SUPPLIED MATERIAL
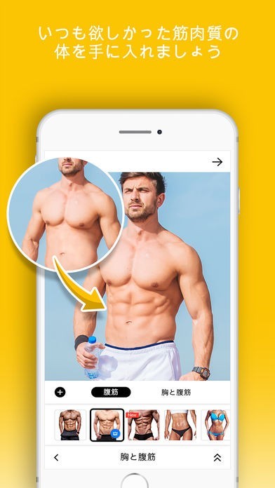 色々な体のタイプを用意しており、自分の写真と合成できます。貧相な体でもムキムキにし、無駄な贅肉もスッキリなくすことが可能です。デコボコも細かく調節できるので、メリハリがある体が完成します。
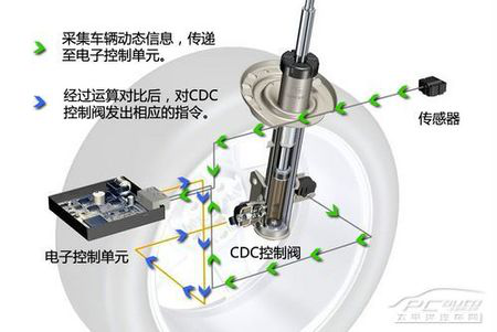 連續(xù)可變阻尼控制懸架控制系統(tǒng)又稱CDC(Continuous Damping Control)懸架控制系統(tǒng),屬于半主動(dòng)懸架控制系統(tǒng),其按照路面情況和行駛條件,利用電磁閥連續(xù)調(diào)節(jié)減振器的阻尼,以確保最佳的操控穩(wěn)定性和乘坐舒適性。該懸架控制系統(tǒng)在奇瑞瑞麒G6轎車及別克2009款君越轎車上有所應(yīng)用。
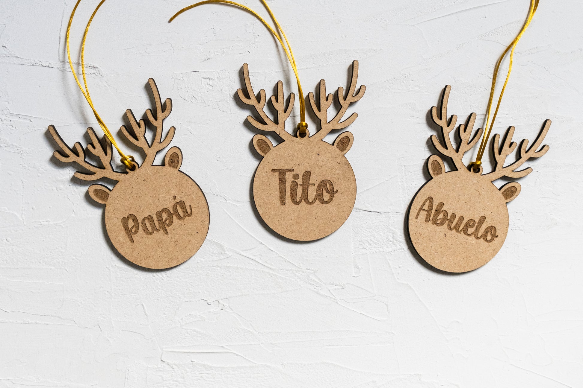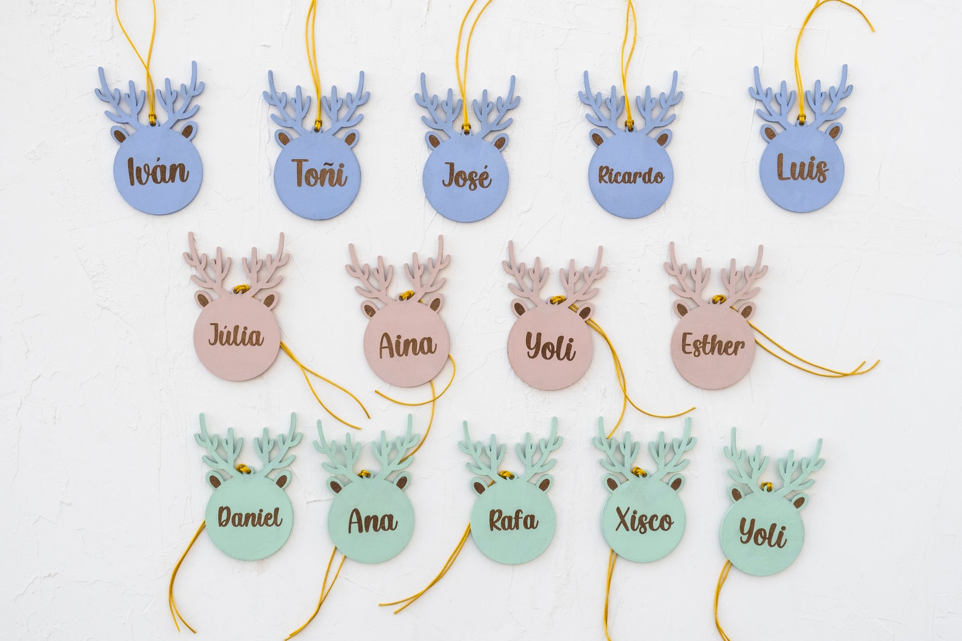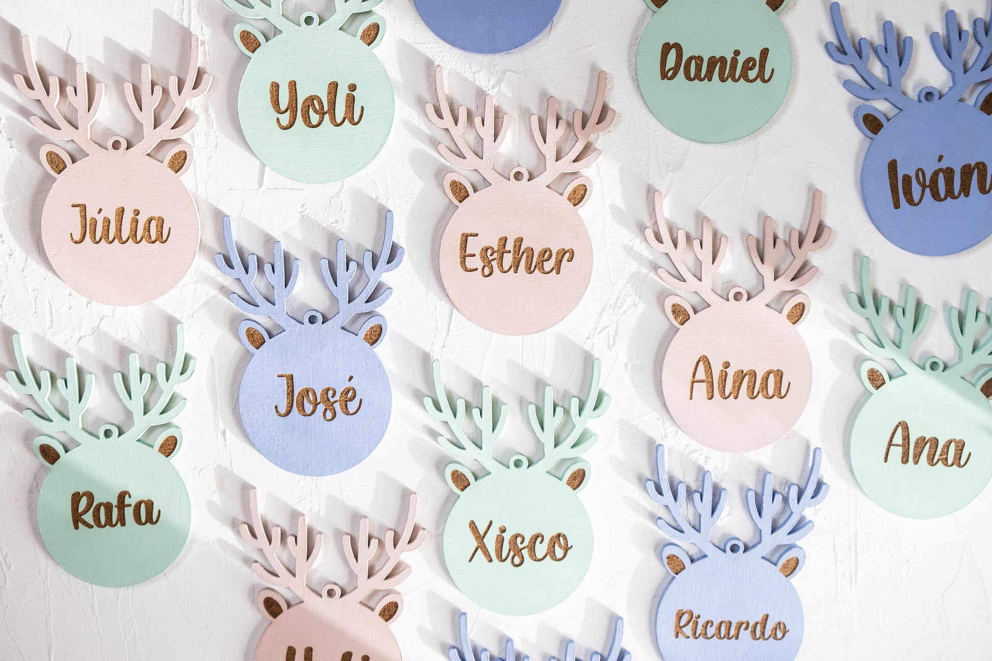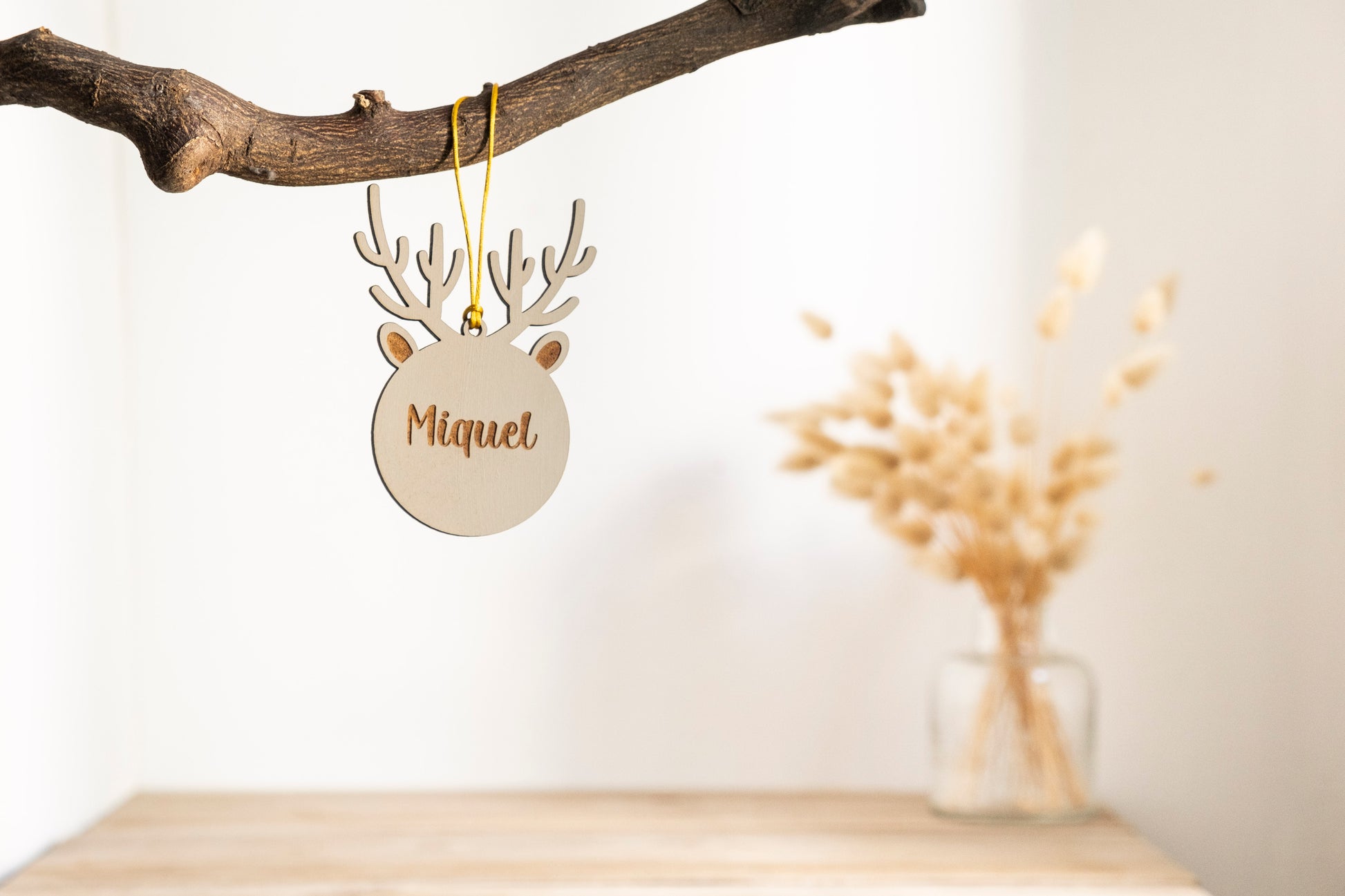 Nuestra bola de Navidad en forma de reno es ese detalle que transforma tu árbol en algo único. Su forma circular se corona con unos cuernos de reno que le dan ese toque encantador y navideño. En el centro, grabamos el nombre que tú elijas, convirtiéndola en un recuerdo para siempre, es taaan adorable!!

THE PROBLEM
Restate the material word for word; no picture should appear in the copy.

RESULT OF THIS TASK
 色々な体のタイプを用意しており、自分の写真と合成できます。貧相な体でもムキムキにし、無駄な贅肉もスッキリなくすことが可能です。デコボコも細かく調節できるので、メリハリがある体が完成します。
 連續(xù)可變阻尼控制懸架控制系統(tǒng)又稱CDC(Continuous Damping Control)懸架控制系統(tǒng),屬于半主動(dòng)懸架控制系統(tǒng),其按照路面情況和行駛條件,利用電磁閥連續(xù)調(diào)節(jié)減振器的阻尼,以確保最佳的操控穩(wěn)定性和乘坐舒適性。該懸架控制系統(tǒng)在奇瑞瑞麒G6轎車及別克2009款君越轎車上有所應(yīng)用。
 Nuestra bola de Navidad en forma de reno es ese detalle que transforma tu árbol en algo único. Su forma circular se corona con unos cuernos de reno que le dan ese toque encantador y navideño. En el centro, grabamos el nombre que tú elijas, convirtiéndola en un recuerdo para siempre, es taaan adorable!!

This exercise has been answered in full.